La emperatriz halló convertida a Barcelona en un sitio de delicias. ínterin[5] permaneció en su recinto se sucedieron las fiestas, prodigáronse las diversiones, y en verdad que hubo de quedar altamente complacida a la regia y fastuosa hospitalidad que supo darle la capital de los condes. Cuando se — 201 — marchó, cuentan las crónicas, pero sin que a asegurarlo se atrevan, que el conde partió con ella a Alemania donde fue a su vez muy festejado por el emperador Enrique quien le colmó de regalos y presentes.
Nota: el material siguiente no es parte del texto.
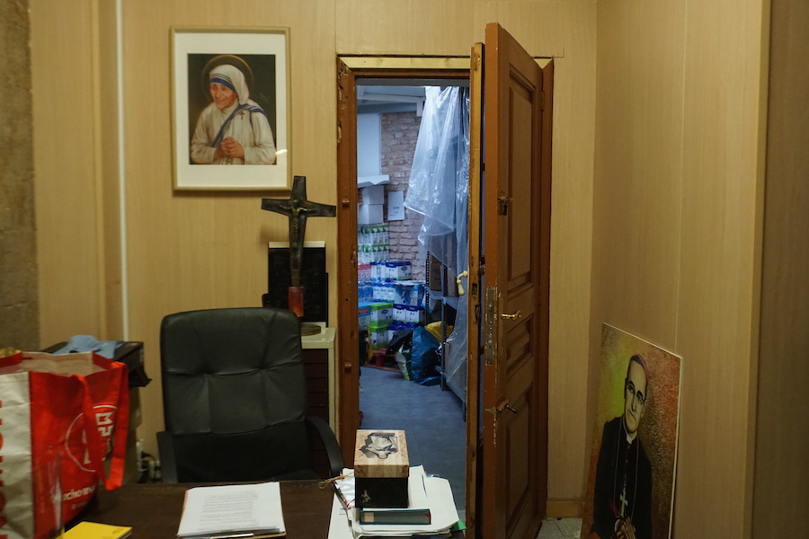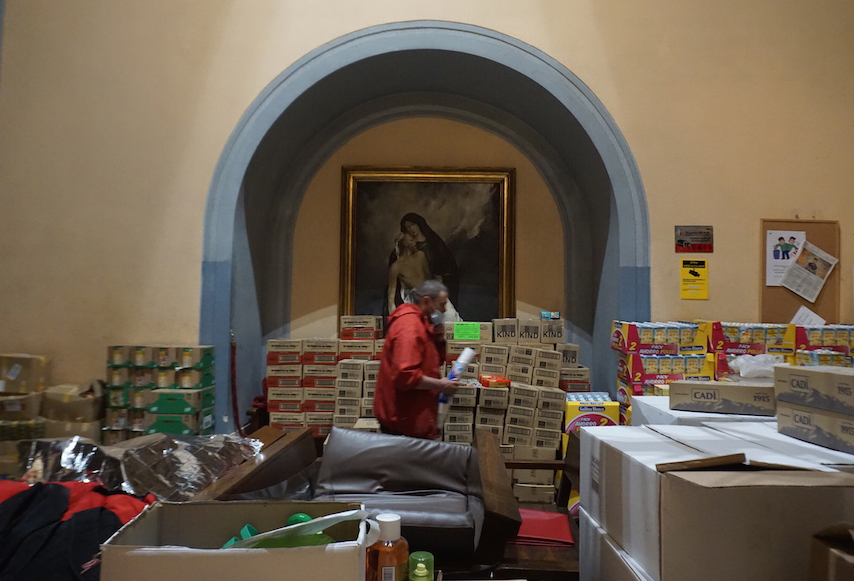 El padre Peio Sánchez atraviesa la sacristía de su parroquia. Vírgenes y cristos observan desde los frescos y esculturas la sala atestada de pilas de cajas de alimentos. El ambiente es fresco entre los muros de piedra del santuario románico-gótico. En un rincón, varios bancos destinados al rezo hacen ahora las veces de camastros para la docena de hombres que sigue pernoctando aquí, incluido el párroco. Jóvenes esquivan la mercancía para ir a rellenar una y otra vez los termos con café caliente: con leche, solo, con azúcar, sin ella. Un ritmo frenético de voluntarios en religiosa armonía.

Tal es, señores, la aventura de Ramón Berenguer III. Y ahora que se sabe ya, dígaseme si no vale ella sola lo que una novela (…)
FUENTE
Balaguer, Víctor. Bellezas de la Historia de Cataluña: Lecciones pronunciadas en la Sociedad Filarmónica y Literaria de Barcelona, Imprenta Narciso López, 1853 .pp.195-201
Edición: Pilar Vega Rodríguez
[1] Ramón Berenguer el Grande (III conde de Barcelona) nacido en Rodés,Occitania, en 1082 y muerto en Barcelona, 23 enero de 1131 (conde de Barcelona y Gerona entre 1087 y 1131)
[2] Palenque: 1. m. Valla de madera o estacada que se hace para la defensa de un puesto, para cerrar el terreno en que se ha de hacer una fiesta pública o un combate, o para otros fines. (Diccionario de la lengua española, RAE).
[3] Sayón: 1. m. Verdugo que ejecutaba las penas a que eran condenados los reos. (Diccionario de la lengua española, RAE).
[4] Entre ellas, la de Francisco Diago (O.P.) Historia de los victoriosissimos antiguos Condes de Barcelona: diuidida en tres libros...en casa Sebastian de Cormellas al Call, 1603.